Just 42 per cent of vehicles stopped for people waiting at four pedestrian crossings during an exercise carried out by The Sunday Times.

Four pedestrian crossings in St Julian's, Valletta, Sliema and Floriana were selected to analyse whether drivers approaching them are giving way to pedestrians waiting on the footpath.

The survey comes after a week in which three people died in accidents on local roads, including a 54-year-old German woman who was run over by a car while trying to cross a road on a zebra crossing in G─žajnsielem.

She is one of 22 people who have died in traffic accidents on local roads this year; this is seven more than last year and the highest since at least 1991, according to data from the European Commission and the European Traffic Police network.

The selected crossings were observed for 15-minute periods to see how many vehicles stopped for pedestrians on the crossing or waiting to cross.

At the crossing on the St Julian's road leading to the Portomaso marina, 10 vehicles stopped for pedestrians but nine failed to do so last Tuesday evening from 6.45 to 7 p.m.

In Floriana, at the crossing adjacent to the Granaries, only four vehicles out of 10 stopped for pedestrians from 12.45 to 1 p.m. last Friday. On the same day, merely six out of 14 vehicles stopped for pedestrians at the crossing next to Castille in Valletta from 1.45 to 2 p.m.

Finally, just seven out of 21 vehicles stopped for pedestrians at the crossing on The Strand in Sliema close to the ferries from 10.30 to 10.45 a.m. yesterday.

Hardly any of the vehicles surveyed waited for pedestrians to finish crossing the road before driving off.

Figures obtained from Datatrak, the company that provides software services for the Local Enforcement System, show that wardens have issued 372 tickets nationwide for contraventions by motorists at pedestrian crossings this year, up from 326 in 2008.

The penalty for failing to stop or slow down at a pedestrian crossing is €11.65. Kenneth De Martino, managing director of the Guard and Warden Service House, admits it is "very difficult" for wardens to enforce the law at pedestrian crossings.

"It is much easier to hand over a ticket to cars parked illegally than it is to hand one over to a car driving away from a crossing," he said.

Some joint council committees, notably the Sliema joint committee, specifically ask wardens to look out for contraventions at pedestrian crossings, Mr De Martino said.

"Is it enough?
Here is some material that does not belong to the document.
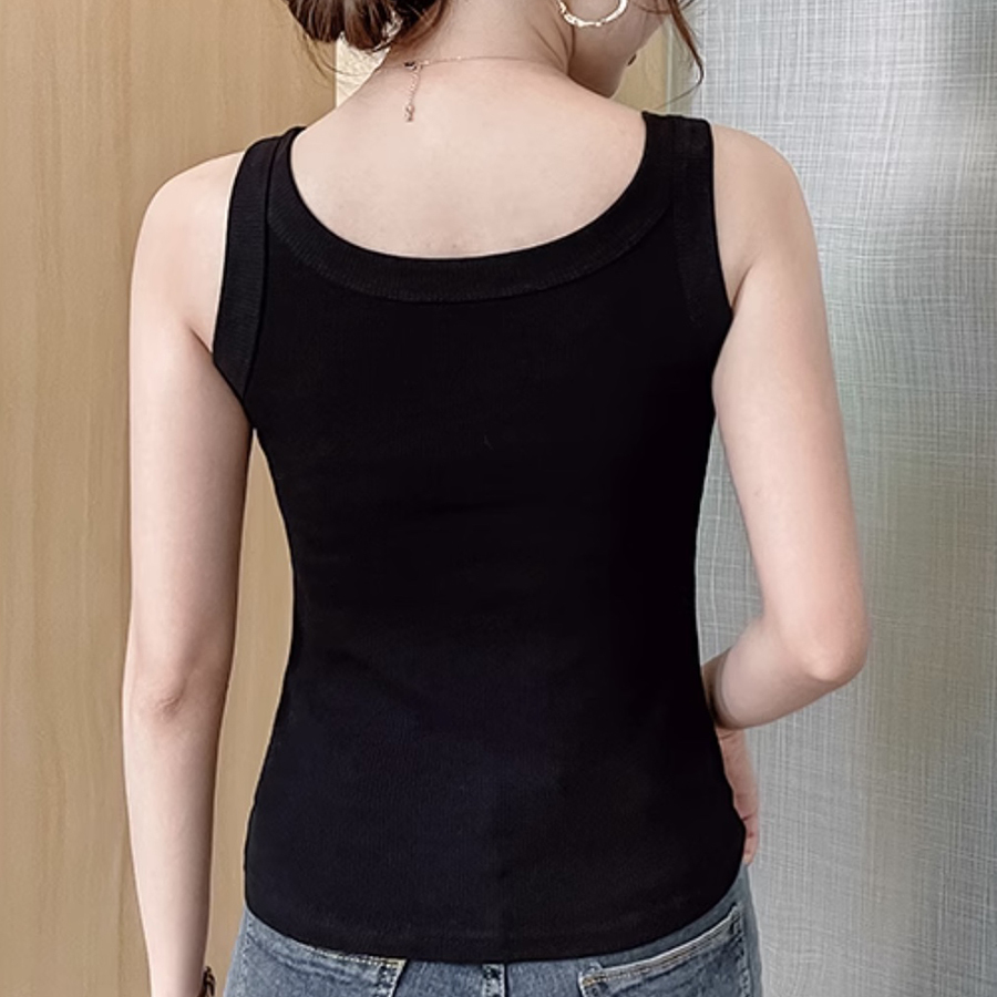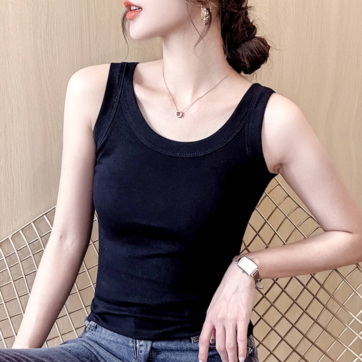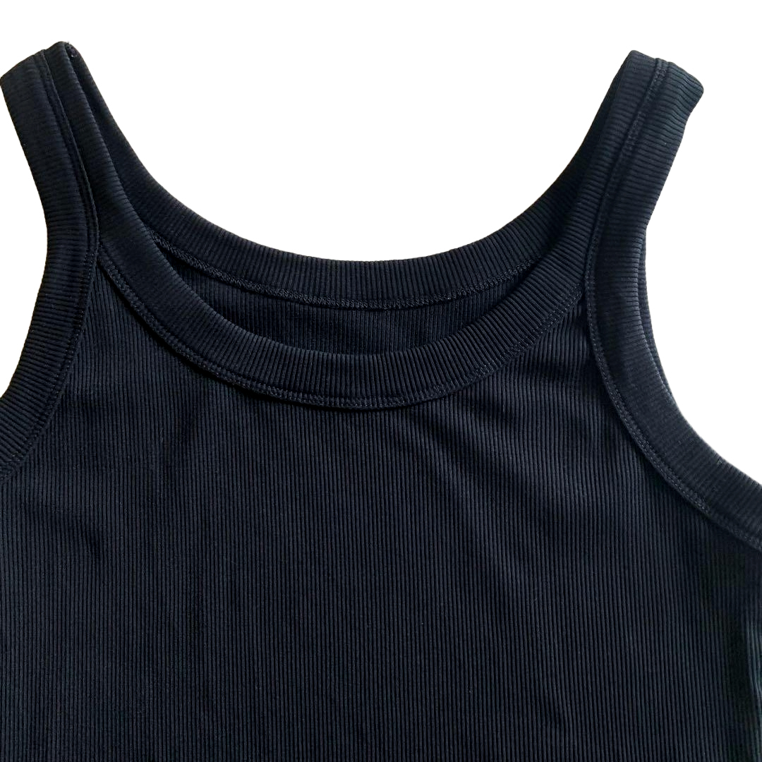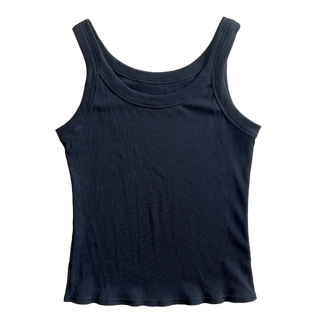 古着 タンクトップ キャミソール インナー Uネック 黒 無地 リブ編み ニット free123

You can never do enough as far as the safety of pedestrians is concerned, but the wardens do their best," he added.

One person who may not be consoled by Mr De Martino's comments is 72-year-old Frank Bonello.

On December 12, Mr Bonello had to spend nine hours in hospital after almost being run over by a bus on the pedestrian crossing near Ta' Natu supermarket in Mosta.

A car had stopped for him and he was half-way across the road when he had to jump out of the way of a bus moving at a fast speed from the other direction. He broke three teeth, a rib, a dental bridge worth thousands of euros, his watch, glasses and mobile phone, and suffered bruises, cuts and torn clothes. "It was really horrible but not unusual - you always have to be careful at crossings because even when one car stops another might try to overtake it," he said. Mr Bonello filed a police report but did not know the bus number, and he does not think any driver has been held accountable for failing to stop for him.